The Hollywood Reporter dodaje, że zgłoszenie "
Substancji" jako filmu "komediowego" było okupione długimi dyskusjami w obozach producentów, twórców jak i samej
Demi Moore. Jedna ze stron wskazywała, że "
Substancja" to smutna i głęboko emocjonalna refleksja nad starzeniem, branżą i współczesnością - druga, że to jadowita satyra na biznes eksploatujący młodość. Ciężko jednak nawet udawać, że którejkolwiek ze stron chodziło o próbę zdefiniowania, czy filmowi bliżej jest do kategorii komedii czy dramatu. Głównym celem jest przecież zdobycie jak największej ilości prestiżowych statuetek, co dla każdego zaangażowanego w film twórcy może oznaczać zupełnie niezależne od siebie interesy.

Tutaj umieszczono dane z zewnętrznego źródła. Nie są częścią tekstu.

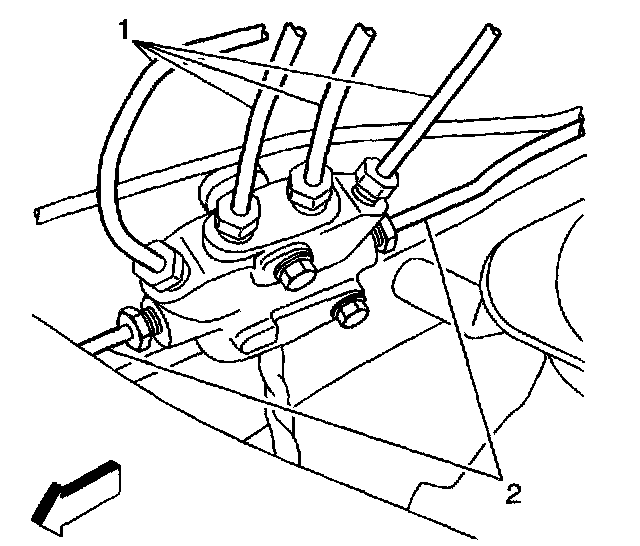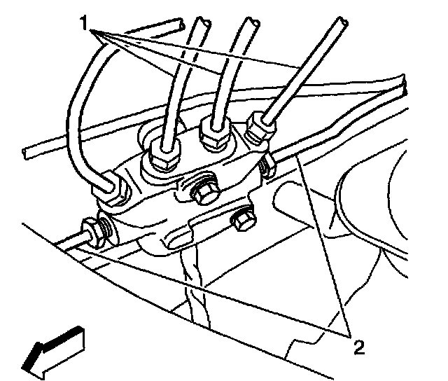 Important: Prior to disconnecting the brake pipes from the proportioning valve assembly, note the locations of the brake pipes to the valve assembly, to aid during installation.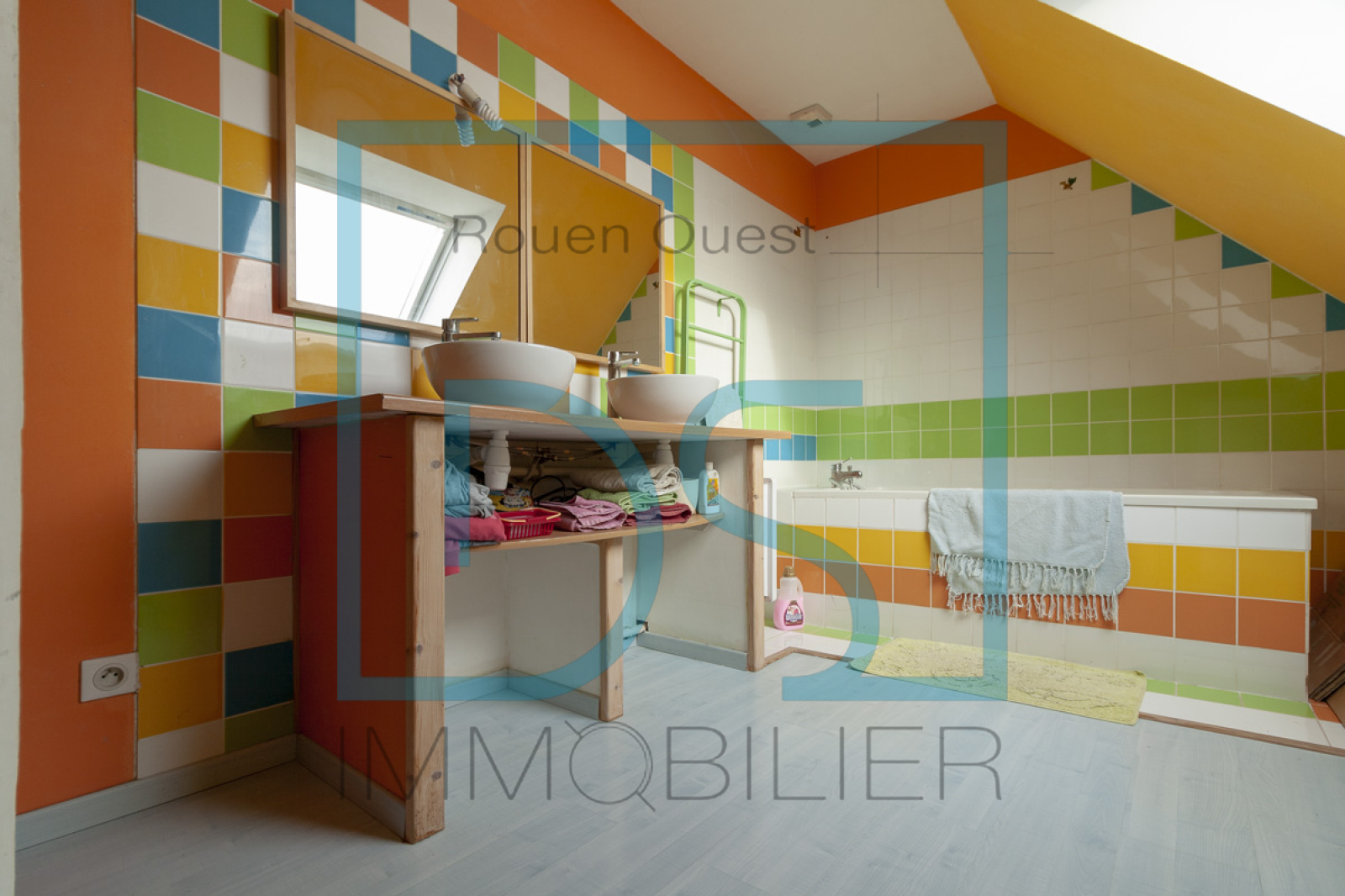 - 1 salle de bain avec baignoire, double vasque et wc

Zdaje się, że wysokie szanse
Demi Moore na zwycięstwo w tej kategorii okazały się kluczowe dla negocjacji. Gdyby film został uznany za dramat,
Moore musiałaby konkurować ze znacznie mocniejszymi nazwiskami aktorek:
Angeliną Jolie ("
Maria Callas"),
Nicole Kidman ("
Babygirl"),
Saoirse Ronan ("
The Outrun") i
Tildą Swinton ("
W pokoju obok"). Tymczasem w kategorii "komedia/musical" wyrasta na ten moment na samodzielną faworytkę.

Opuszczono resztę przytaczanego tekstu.